Down to the last line, restate the records below word for word, dropping every image.

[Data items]
########

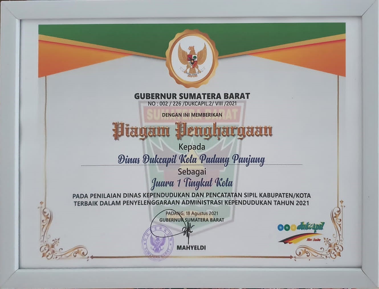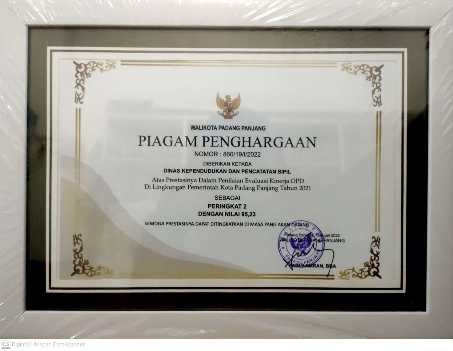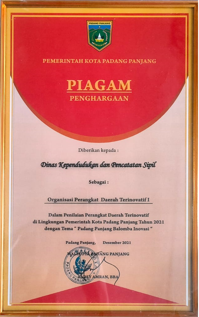 Piagam Penghargaan Sebagai Peringkat I Tingkat Kota pada Peniliain Dinas Kependudukan dan Pencatatan Sipil Kabupaten / Kota Terbaik dalam Penyelenggaraan Administrasi Kependudukan Tahun 2021
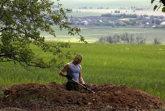 An Ukrainian soldier digs a trench outside the village of Bylbasivka near the eastern Ukrainian town of Slaviansk at a Ukrainian army controled area. May 15, 2014
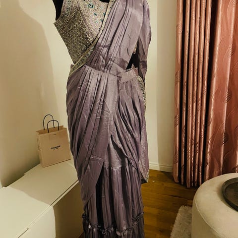 Väldigt fin och elegant pyjamas eller lounge outfit att bära hemma när man vill känna sig extra fin! Mörkröd med ljusblå mönster i form av blommor. Setet som är från Indiska består av blus och byxor. Stl. 40. Endast testad, säljes pga fel storlek. Hämtas i Uppsala alt. skickas mot frakt. Endast swish.
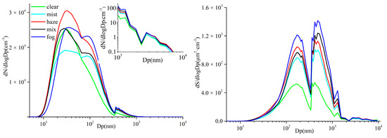 Figure 5 shows that the PNSD was unimodal in the clean, haze, and mix processes, and bimodal in the mist and fog processes. The mist process achieved the smallest peak values of 19,101 cm−3 and 17,506 cm−3, and the peak particle diameters were 30 nm and 87 nm, respectively. The peaks of the fog process were 25,660 cm−3 and 23,186 cm−3, and the particle diameters at peak were 36 nm and 87 nm, respectively. The peak value of the clean and mix processes was similar to that of the fog process, which was 1.32 times and 1.33 times, respectively, that of the mist process, and the peak particle diameters were 32 nm and 27 nm, respectively. The maximum peak value of the haze process was 1.59 times the mist process, and the diameter at peak was 32 nm. The main mode of the aerosol number concentration in different processes was Aitken mode (10–100 nm). The proportion of the particle number concentration in Aitken mode was 85.1%, 75.8%, 79.1%, 77.5%, and 73.5% in the processes of clean, mist, haze, mix, and fog, respectively. The dominant particle size of the clean process, mist process, haze process, mix process, and the fog process was 20–40 nm, 20–50 nm, 25–40 nm, 20–40 nm, and 25–55 nm, respectively.
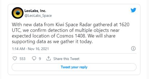 私營太空追蹤公司 LeoLabs 在 Twitter 上證實(shí),它已經(jīng)觀察到多個(gè)物體現(xiàn)在正處于一顆名為宇宙 1408 號(hào)的俄羅斯老衛(wèi)星的位置,據(jù)傳這顆衛(wèi)星是反衛(wèi)星試驗(yàn)的目標(biāo)。據(jù)太空追蹤專家喬納森-麥克道爾說,如果是這樣的話,似乎很可能這次測試產(chǎn)生的碎片云就是周一早上威脅到國際空間站的那個(gè)。
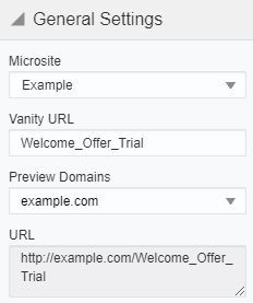 - Enter Welcome_Offer_Trial in the Vanity URL field. This is a friendly name for the landing page. The vanity URL must be unique. If X Invalid Vanity URL appears, the vanity URL is already in use.
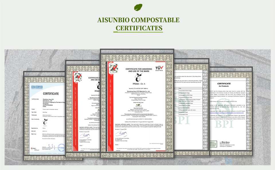 100% ถุงช้อปปิ้งพลาสติกย่อยสลายได้ EN13432ถุงโพลี pbat plat
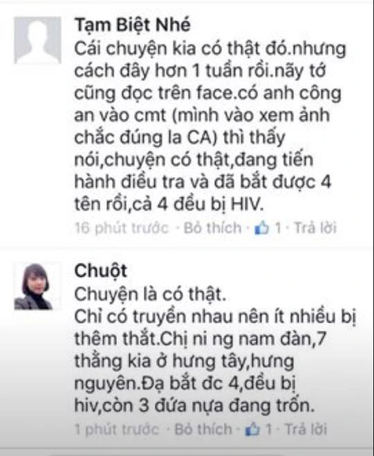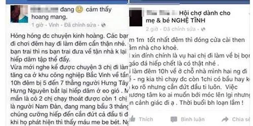 Chưa dừng lại ở "chuyện kể" tin đồn, nhiều sinh viên và nhiều người cũng đưa lên Facebook câu chuyện trên ở diễn đàn ĐH Vinh (Vinh University) và Hội chợ dành cho mẹ và bé Nghệ Tĩnh, rồi nhiều người bình luận "chuyện đó có thật". Những người này "kể câu chuyện" trên và cho rằng nạn nhân là chị NTT (quê xã Nam Giang, huyện Nam Đàn) làm công nhân gấu bông ở Khu công nghiệp Bắc-Vinh, đang mang bầu năm tháng, bị hiếp dẫn đến tử vong...

########

:: ANSWER TO THIS EXERCISE ::
 Piagam Penghargaan Sebagai Peringkat I Tingkat Kota pada Peniliain Dinas Kependudukan dan Pencatatan Sipil Kabupaten / Kota Terbaik dalam Penyelenggaraan Administrasi Kependudukan Tahun 2021
 An Ukrainian soldier digs a trench outside the village of Bylbasivka near the eastern Ukrainian town of Slaviansk at a Ukrainian army controled area. May 15, 2014
 Väldigt fin och elegant pyjamas eller lounge outfit att bära hemma när man vill känna sig extra fin! Mörkröd med ljusblå mönster i form av blommor. Setet som är från Indiska består av blus och byxor. Stl. 40. Endast testad, säljes pga fel storlek. Hämtas i Uppsala alt. skickas mot frakt. Endast swish.
 Figure 5 shows that the PNSD was unimodal in the clean, haze, and mix processes, and bimodal in the mist and fog processes. The mist process achieved the smallest peak values of 19,101 cm−3 and 17,506 cm−3, and the peak particle diameters were 30 nm and 87 nm, respectively. The peaks of the fog process were 25,660 cm−3 and 23,186 cm−3, and the particle diameters at peak were 36 nm and 87 nm, respectively. The peak value of the clean and mix processes was similar to that of the fog process, which was 1.32 times and 1.33 times, respectively, that of the mist process, and the peak particle diameters were 32 nm and 27 nm, respectively. The maximum peak value of the haze process was 1.59 times the mist process, and the diameter at peak was 32 nm. The main mode of the aerosol number concentration in different processes was Aitken mode (10–100 nm). The proportion of the particle number concentration in Aitken mode was 85.1%, 75.8%, 79.1%, 77.5%, and 73.5% in the processes of clean, mist, haze, mix, and fog, respectively. The dominant particle size of the clean process, mist process, haze process, mix process, and the fog process was 20–40 nm, 20–50 nm, 25–40 nm, 20–40 nm, and 25–55 nm, respectively.
 私營太空追蹤公司 LeoLabs 在 Twitter 上證實(shí),它已經(jīng)觀察到多個(gè)物體現(xiàn)在正處于一顆名為宇宙 1408 號(hào)的俄羅斯老衛(wèi)星的位置,據(jù)傳這顆衛(wèi)星是反衛(wèi)星試驗(yàn)的目標(biāo)。據(jù)太空追蹤專家喬納森-麥克道爾說,如果是這樣的話,似乎很可能這次測試產(chǎn)生的碎片云就是周一早上威脅到國際空間站的那個(gè)。
 - Enter Welcome_Offer_Trial in the Vanity URL field. This is a friendly name for the landing page. The vanity URL must be unique. If X Invalid Vanity URL appears, the vanity URL is already in use.
 100% ถุงช้อปปิ้งพลาสติกย่อยสลายได้ EN13432ถุงโพลี pbat plat
 Chưa dừng lại ở "chuyện kể" tin đồn, nhiều sinh viên và nhiều người cũng đưa lên Facebook câu chuyện trên ở diễn đàn ĐH Vinh (Vinh University) và Hội chợ dành cho mẹ và bé Nghệ Tĩnh, rồi nhiều người bình luận "chuyện đó có thật". Những người này "kể câu chuyện" trên và cho rằng nạn nhân là chị NTT (quê xã Nam Giang, huyện Nam Đàn) làm công nhân gấu bông ở Khu công nghiệp Bắc-Vinh, đang mang bầu năm tháng, bị hiếp dẫn đến tử vong...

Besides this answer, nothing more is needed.